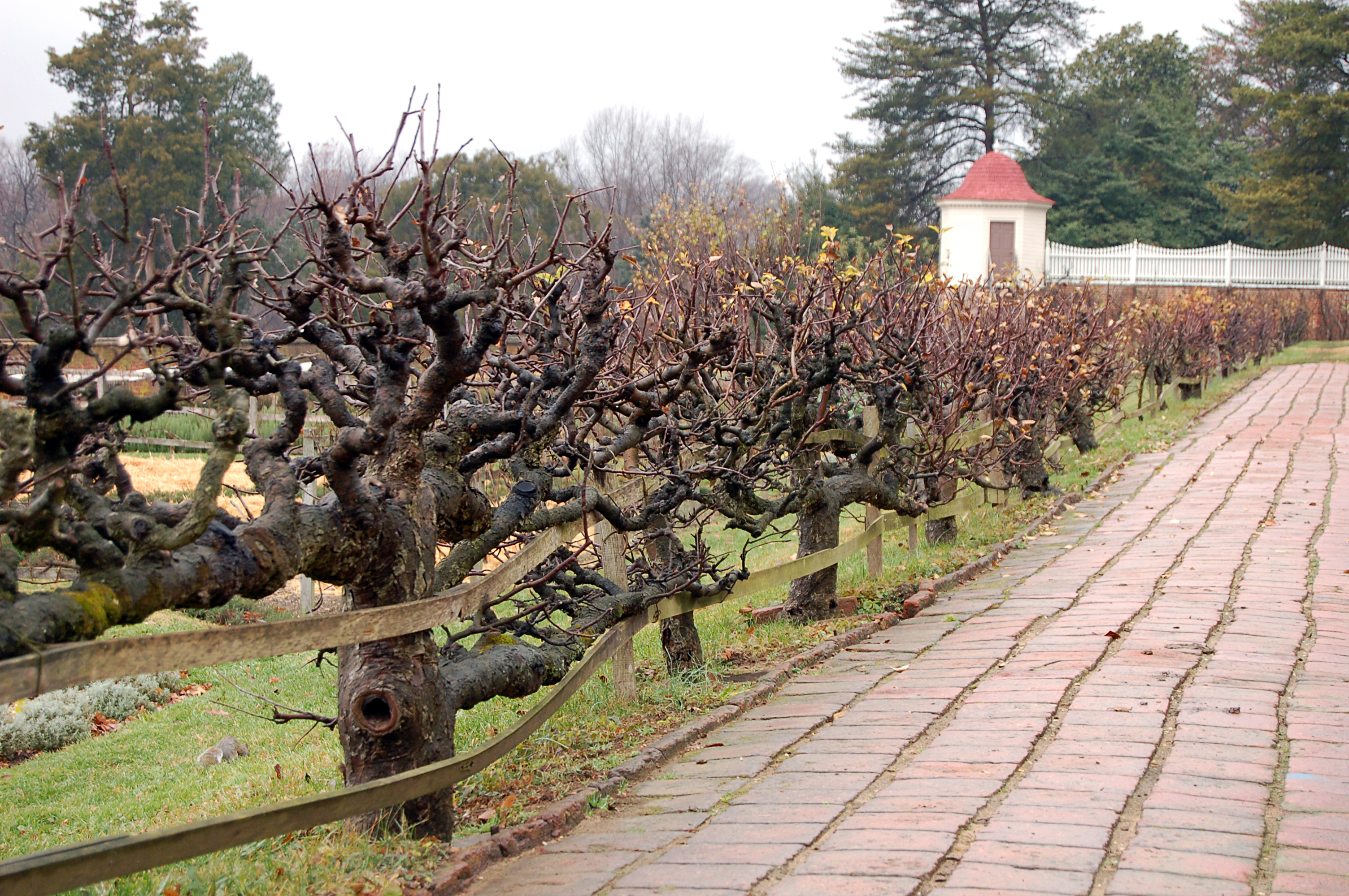 An espalier along a garden path at Mount Vernon. This espalier is in the form of a cordon. Cordons frequently border and help define walks and garden beds. Mount Vernon, located near Alexandria, Virginia, was the plantation home of the first President of the United States, George Washington.
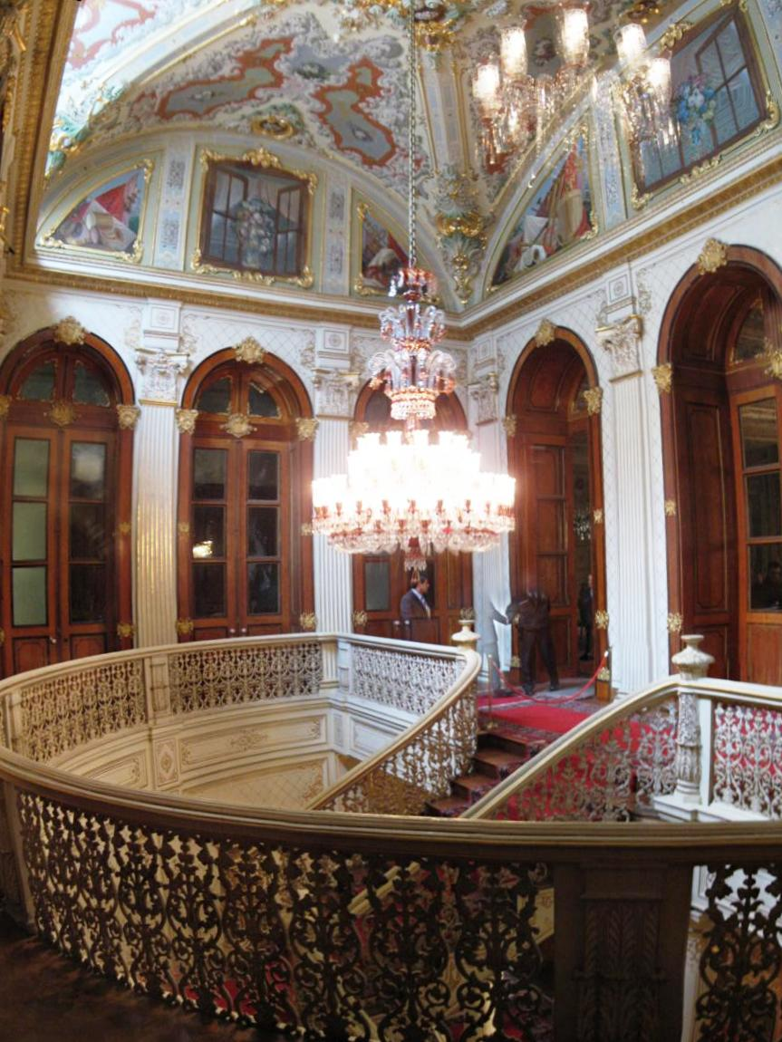 The Caliph's staircase (Halife Merdivenleri) at Dolmabahçe Palace. (#19 of the tour.)
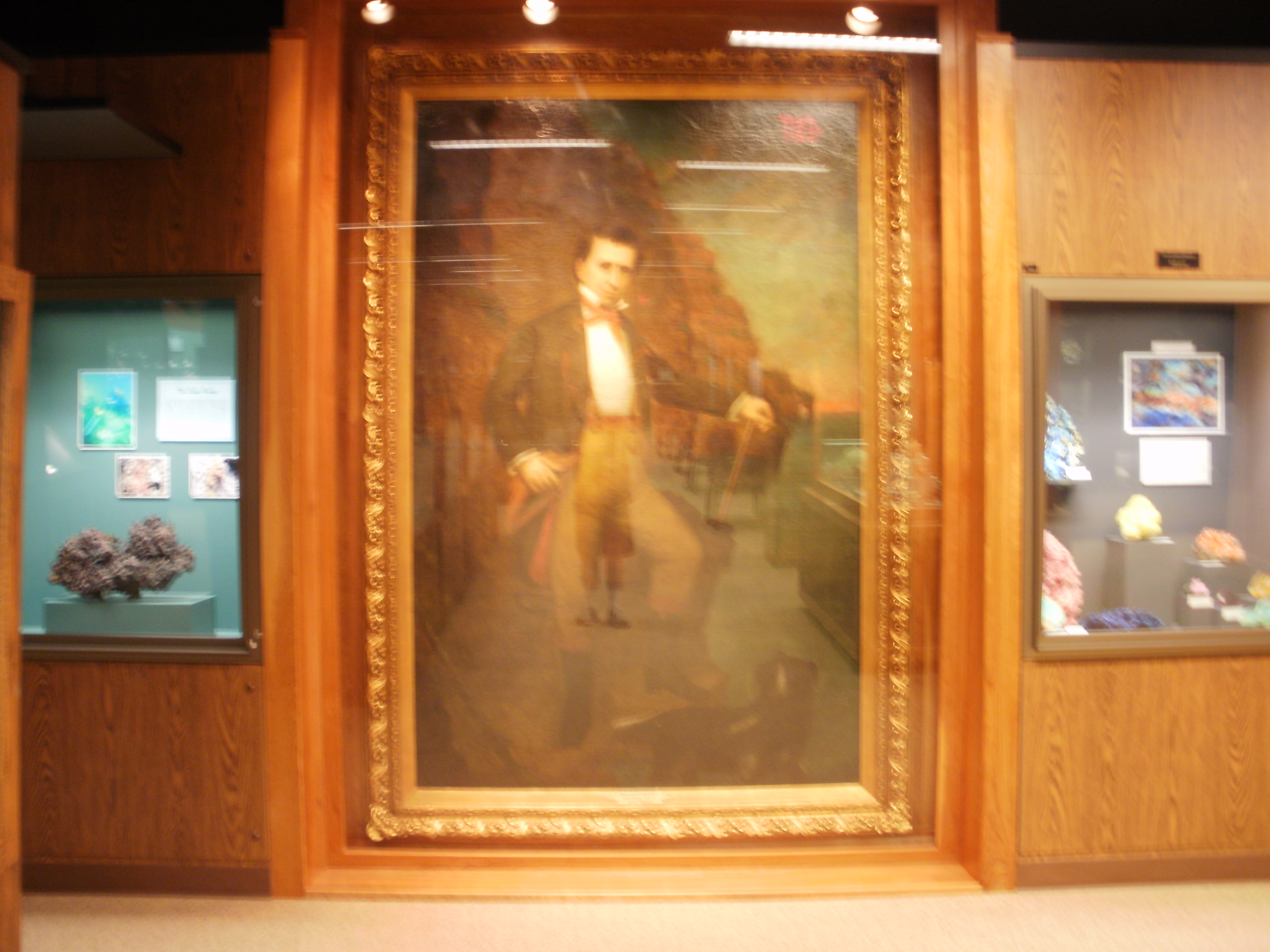 A portrait of Douglass Houghton by brother-in-law Alvah Bradish in the A. E. Seaman Mineral Museum. "This portrait shows Houghton, dressed in the garb of a field geologist, standing before the Pictured Rocks of Lake Superior with his faithful spaniel, Meeme" (p. 13, DOUGLASS HOUGHTON MICHIGAN’S FIRST STATE GEOLOGIST 1837 - 1845, by Helen Wallin). The portrait was purchased by the Michigan Legislature in 1879

────────────────────

**TASK DESCRIPTION:**
Copy nothing but the lines from the one containing "The Caliph's staircase" through the last line of the listing above, transcribed exactly and with no pictures.

**EXERCISE ANSWER:**
 The Caliph's staircase (Halife Merdivenleri) at Dolmabahçe Palace. (#19 of the tour.)
 A portrait of Douglass Houghton by brother-in-law Alvah Bradish in the A. E. Seaman Mineral Museum. "This portrait shows Houghton, dressed in the garb of a field geologist, standing before the Pictured Rocks of Lake Superior with his faithful spaniel, Meeme" (p. 13, DOUGLASS HOUGHTON MICHIGAN’S FIRST STATE GEOLOGIST 1837 - 1845, by Helen Wallin). The portrait was purchased by the Michigan Legislature in 1879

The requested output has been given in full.